Is It Possible to Start Investing in Stocks as a Stay-at-Home Parent?

Investing in stocks stay home parent

Whether you’re doing it as a hobby or a full-time career, investing can be a rewarding experience. Not only does one stand to profit from the ups and downs of their chosen financial market, but they can also do so without even having to put on the 9 to 5 grind.

Such lifestyle is tempting to most if not all people, but it’s an especially fitting one for stay-at-home parents who can neither commit the time nor the energy to pursue a career outside their humble abode.

 

Here are five things to remember when investing as a stay at home parent.

Mind Your Capital

Unlike investors who do not yet have a family of their own, parents have several expenses to consider.
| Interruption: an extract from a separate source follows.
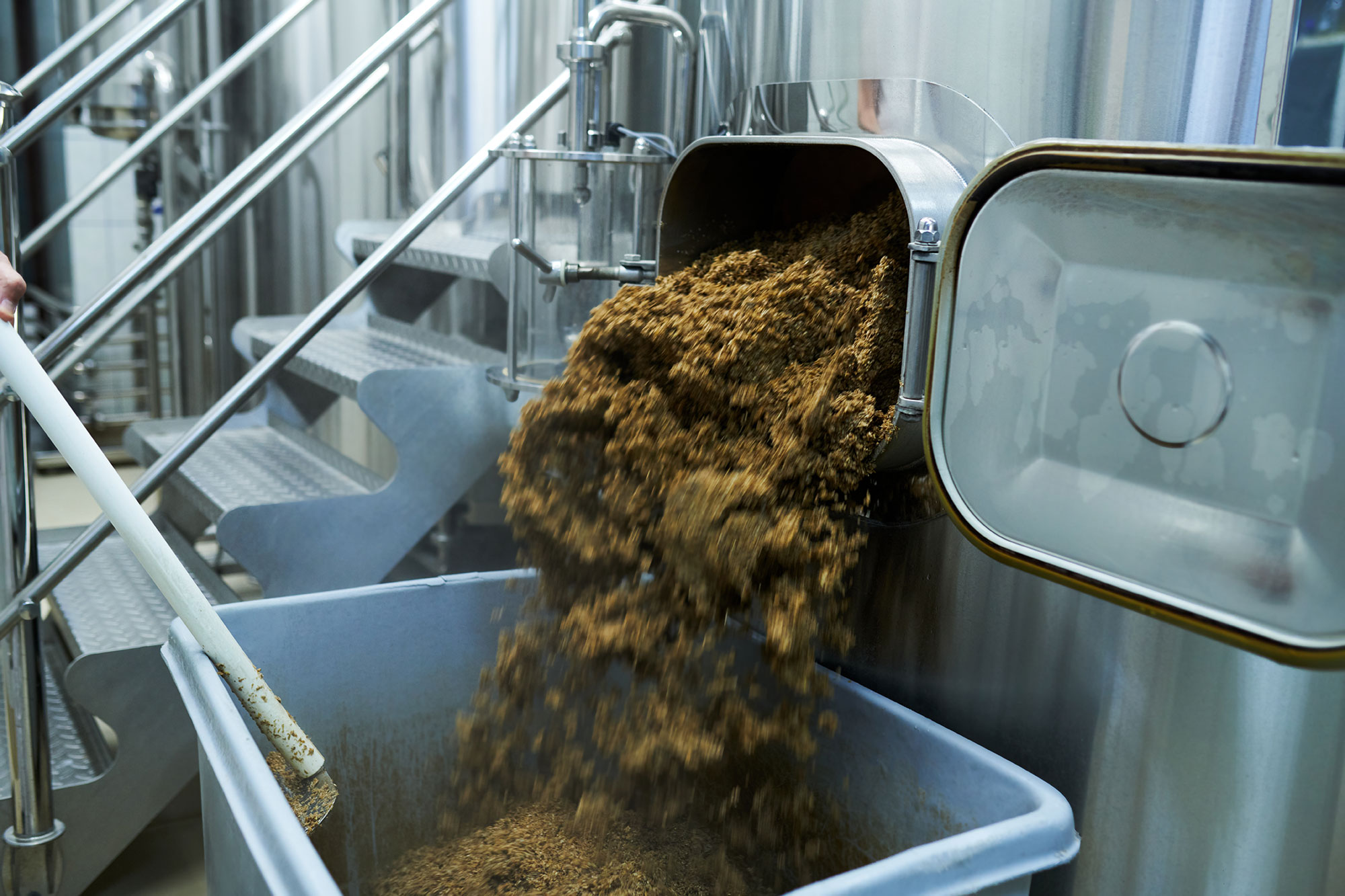 Grain materials are run through a roller or hammer mill to reduce particle size and create uniformity.  Increasing the number of particles and surface area per volume is critical for increasing access to digestive enzymes.
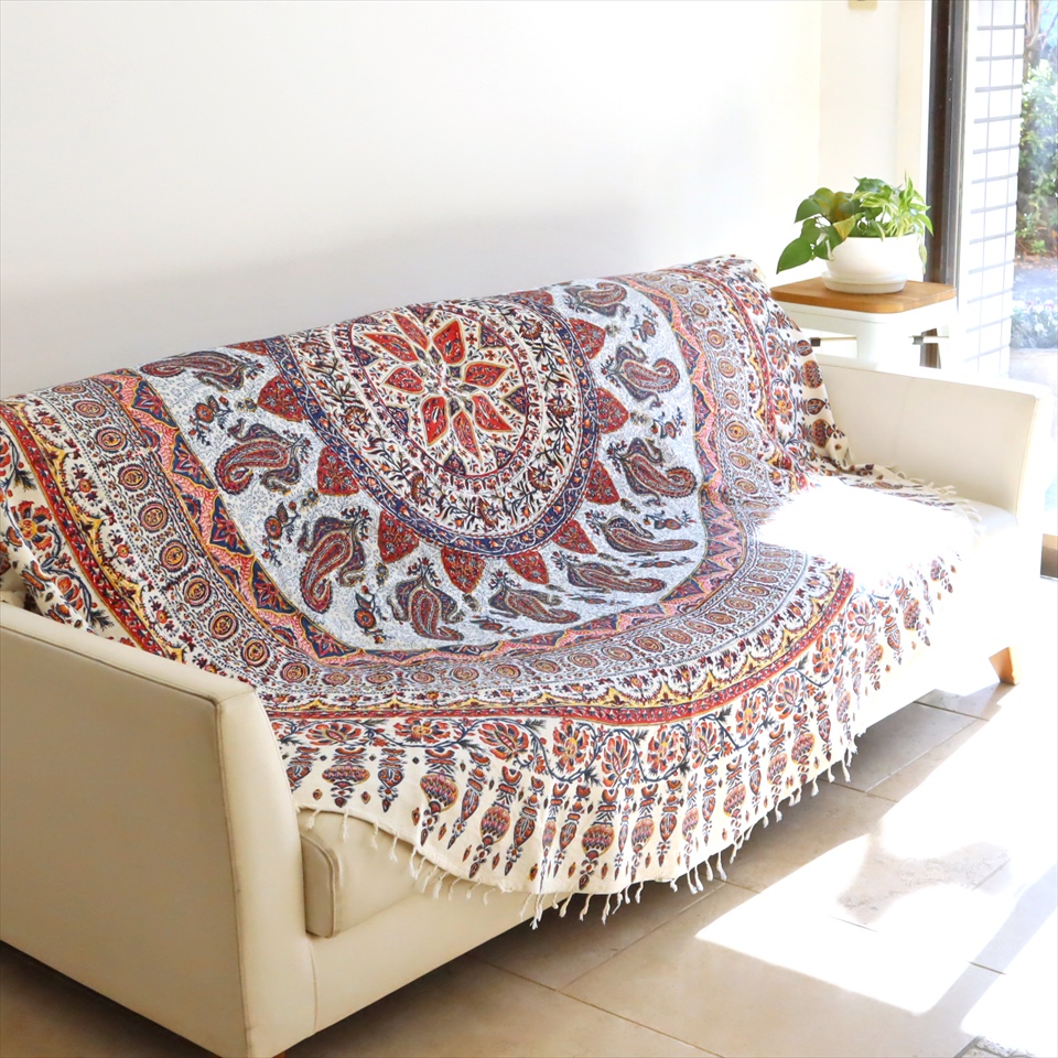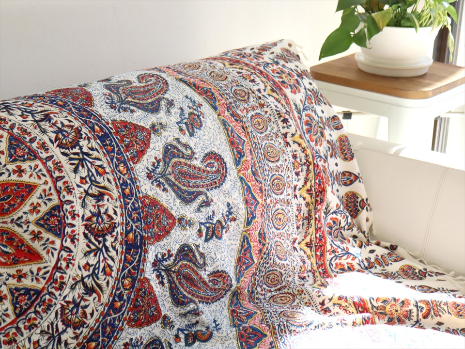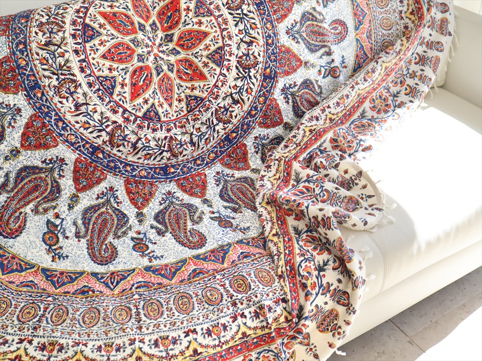 Key:コットン 染色 ブロックプリント 木版 伝統工芸 フリークロス マルチカバー ベッドスプレッド ベッドカバー ソファカバー カーテン タペストリー 背景 ファブリック インテリアファブリック インテリア ペルシャ イラン シルクロード アジアン エスニック ペイズリー

The smallest accounting errors in their personal finances can lead to financially catastrophic consequences for their family’s lifestyle.

For instance, if you allocate too much of your monthly paycheck into your investment account, this can prevent you from paying off your credit cards and utility bills on time, which accrue interest and affect your credit scores.

 

Before investing your first dollar on any financial market, zero in on how much disposable income you can invest.

 

Establish an Office

In today’s digital age, you really only need a computer or mobile phone with stable internet connection to start investing your own money. Gone are the days when profitable investing was clouded by unnecessary red tape and where the industry was dominated by well-funded groups and their supercomputers.

 

Unfortunately, the leniency in today’s investing requirements have also made investors indifferent when it comes to their environment.

 

Avoid the noise from your neighbor’s dogs or your children running around the living room by designating a personal space for your investing activities. Compliment it with proper lighting and ventilation.

 

Being in a comfortable and calm environment puts you in a better mindset to handpick new assets to add to your portfolio and manage existing ones.

Find the Right Investing Style 

As a stay-at-home parent, you likely have more time to check and manage your investment accounts than, say, someone who has a full-time job outside the house. You can try your hand on scalping the markets during volatile times, yet it’s also a very risky strategy and one that a beginner should try to master first on a smaller account or a demo account.

 

Aside from time frame, you should also figure out what industries to focus on. It’s strategically sound to focus on one or two industries first rather than try to spread your resources too thin.

 

Technology, healthcare, banking, and consumer goods are some of the larger spaces that you can start investing in.

Choose a Good Broker 

A good broker to fulfill your transactions in an orderly and timely fashion can play a pivotal role in your success as an investor. Brokers charge different commissions per roundtrip transaction and also have slightly different assets you can trade, from stocks, bonds, commodities, currencies, and so forth.

 

In addition to these notable differences, you may also find the minimum account requirements and privileges to be different from broker to broker.

 

The screening process can take some time, yet being meticulous can save you money over the long haul. A worthwhile broker to test the waters with is Robinhood, which is a relatively nascent brand in the arena.

Work Out Your Schedule

Now that you’ve worked out how much you should invest in and what platform to trade with, you’ll want to work out a schedule that best suits your personal and professional life.

 

As a stay-at-home parent, your daily schedule will be greeted by household errands, school meetings, and other adult responsibilities that may fall on your lap.

Investing as a stay-at-home parent is more challenging than it seems. It’s up to you to use the limited amount of time you have to take care of the home while also digesting the information that financial markets give you.